It was supposed to be a normal play day for five friends splashing in a pool in the back yard.
It ended with the group of girls in horrific pain and eventually intensive care in hospital after they all suffered second-degree burns.
The five had spent the day in the pool, splashing around and having fun, The Hanford Sentinel reports.What at first seemed to be overexposure to the sun blossomed into softball-sized blisters and second-degree burns.
Stephanie Ellwanger's girls, Jewels, 12, and Jazmyn, 9, wound up spending several days in an intensive care unit, hooked up to morphine to manage the pain. They stayed in hospital two weeks. Now they're not allowed out in the sun for at least six months. If at all.

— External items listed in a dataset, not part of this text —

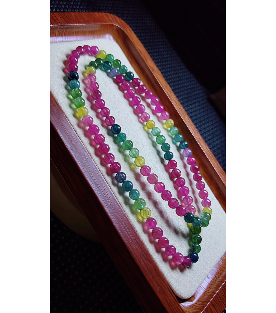313F7 exquisite color code tourmaline three circle bracelet, size 5.8mm, weight 28.7g, crystal transparent, fresh and smooth color, natural color matching, suitable for women to wear in various occasions
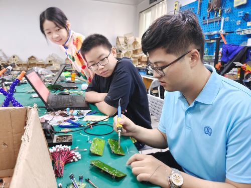 7月11日计算机与信息工程学院正式启动“智慧编程,点亮童心”少儿编程教育宣讲团“三下乡”暑期实践活动。计算机与信息工程学院团委书记兼本次实践活动的指导敦洁老师,带领团队成员前往科技创新教育的前沿阵地——“莱德创客空间”教育机构,旨在通过亲身体验与深入学习,为推动科技创新教育深入基层、服务地方发展贡献力量。
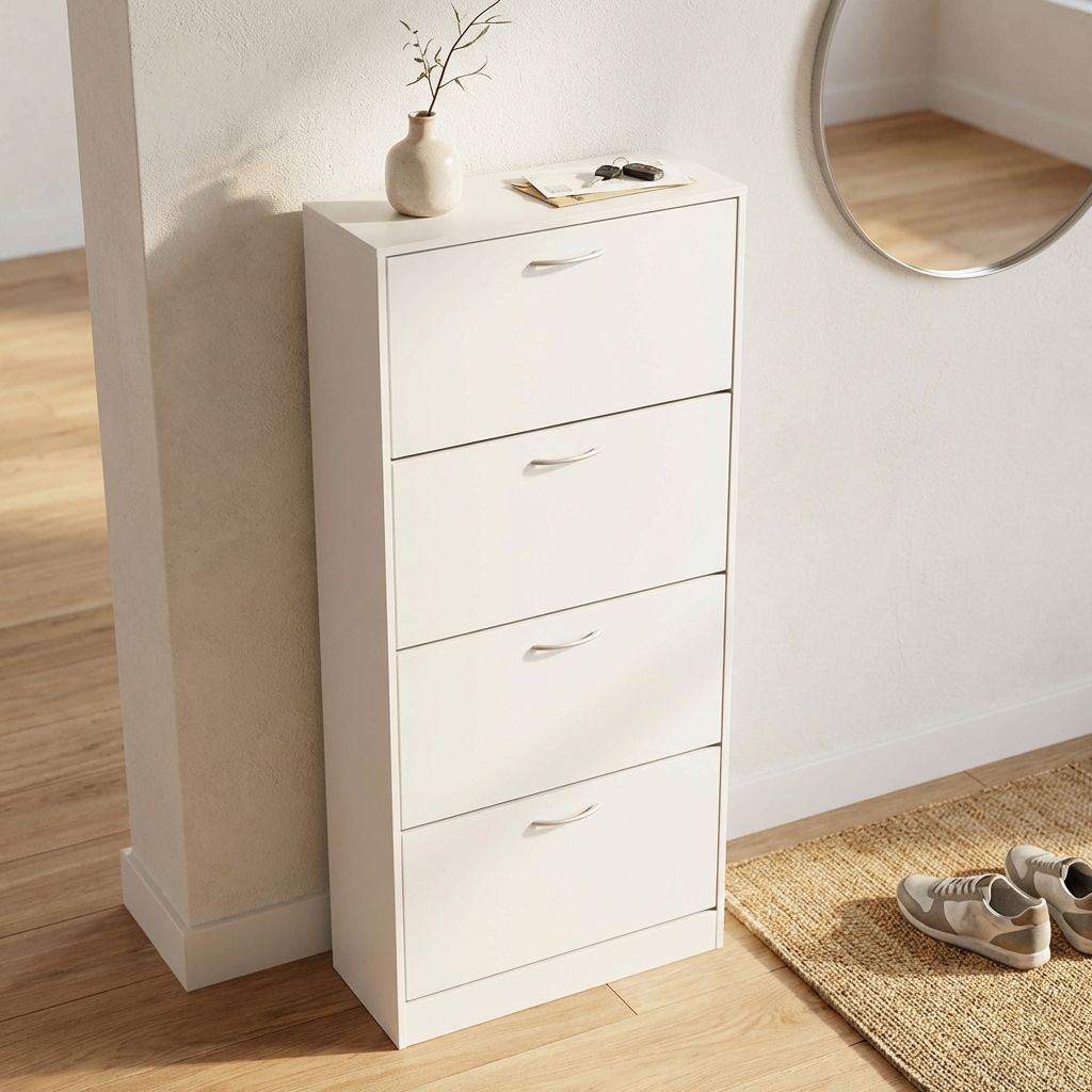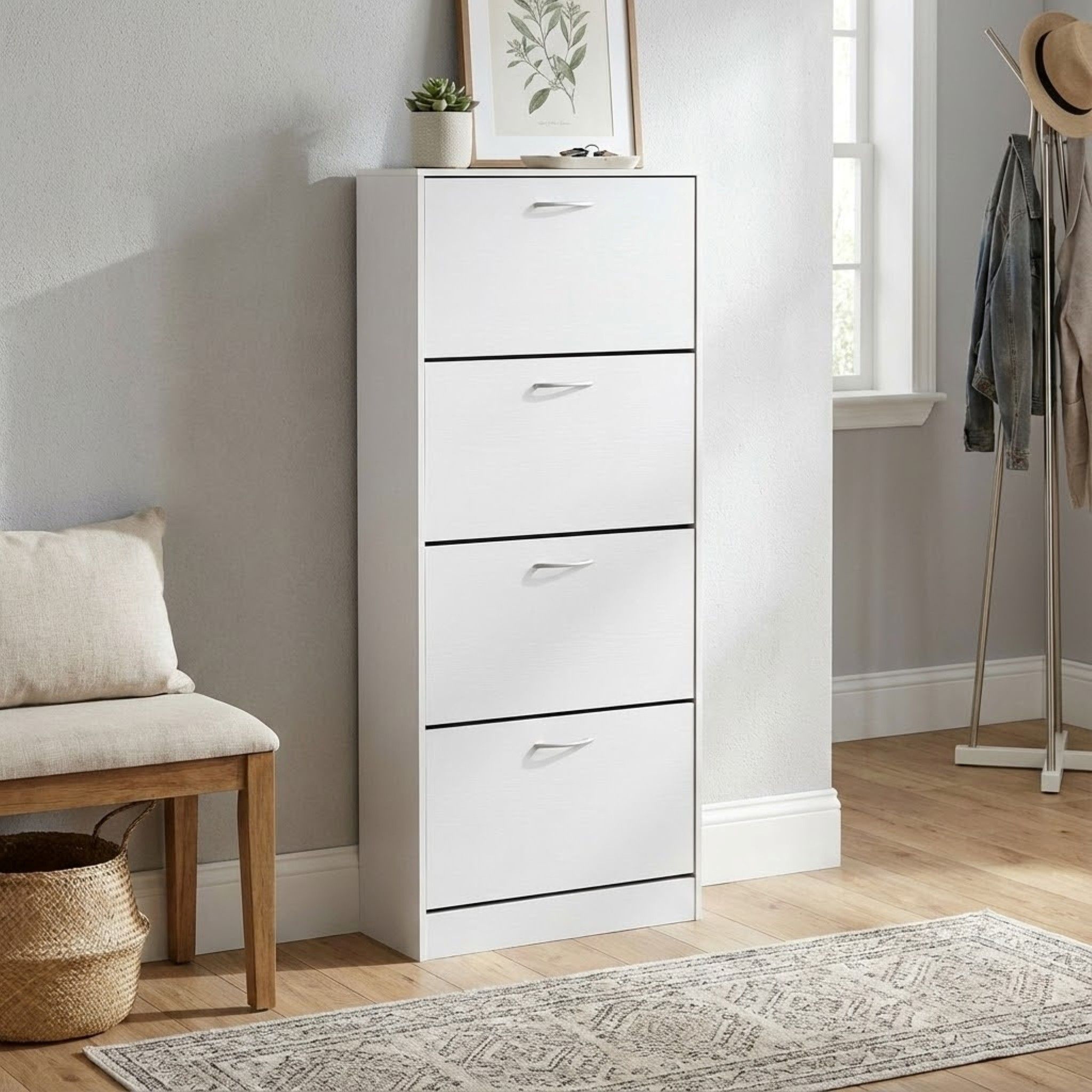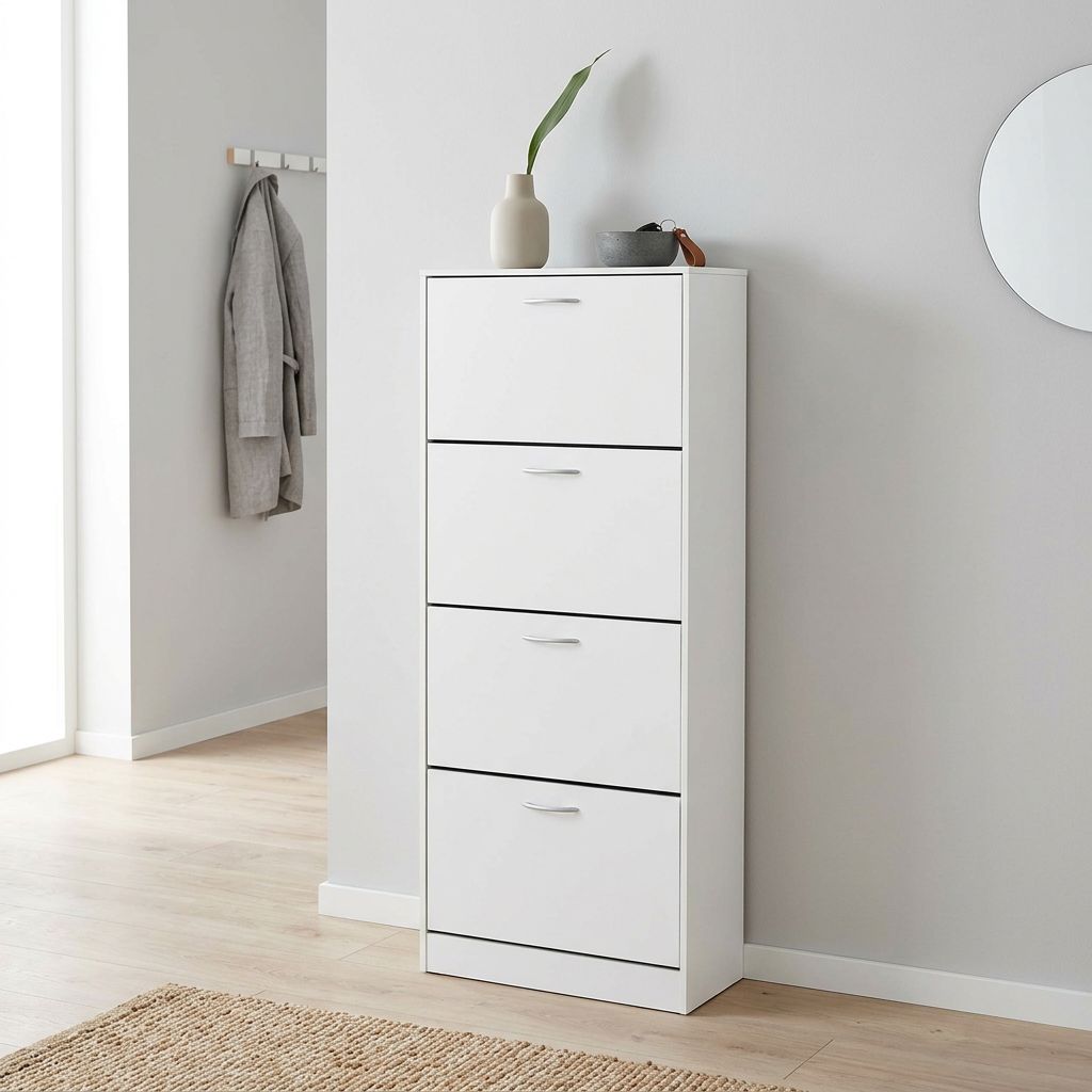 La scarpiera CALISS è disponibile in bianco, grigio chiaro, grigio scuro e marrone in versione da 2,3,4 ante
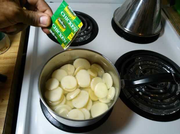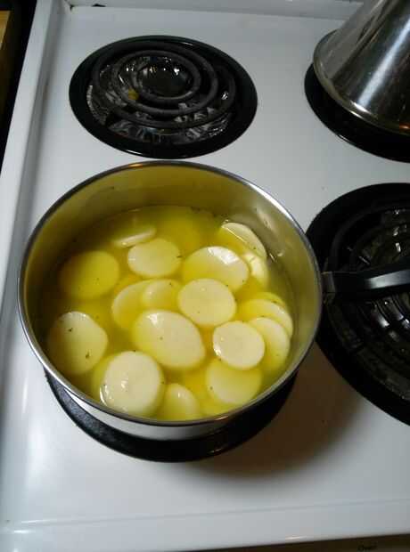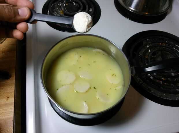 Deje que todo hierva a fuego lento para un hechizo hasta que las patatas comiencen a caer aparte alrededor de los bordes y Volià! Listo! Dejar enfriar a la temperatura deseada y disfrutar. Compruebe el siguiente paso para formas de gussy up un scosh.

But what caused the Ellwanger girls and their three friends - Reyghan, Candy and Bailey - to end up with massive blisters and peeling skin was a mystery.
Doctors were stumped.
Ellwanger, of Hanford, California, later remembered that the girls played with limes from a neighbour's tree, squeezing the fruits and splashing in the juice.
After a Google search and some time trying to convince dubious medical staff, the girls were diagnosed with phytophotodermatitis, described as "a chemical reaction [to the lime juice] that makes bare skin hypersensitive to ultraviolet light."
It’s caused by contact with photosensitizing compounds which occur naturally in some fruits and vegetables — like limes.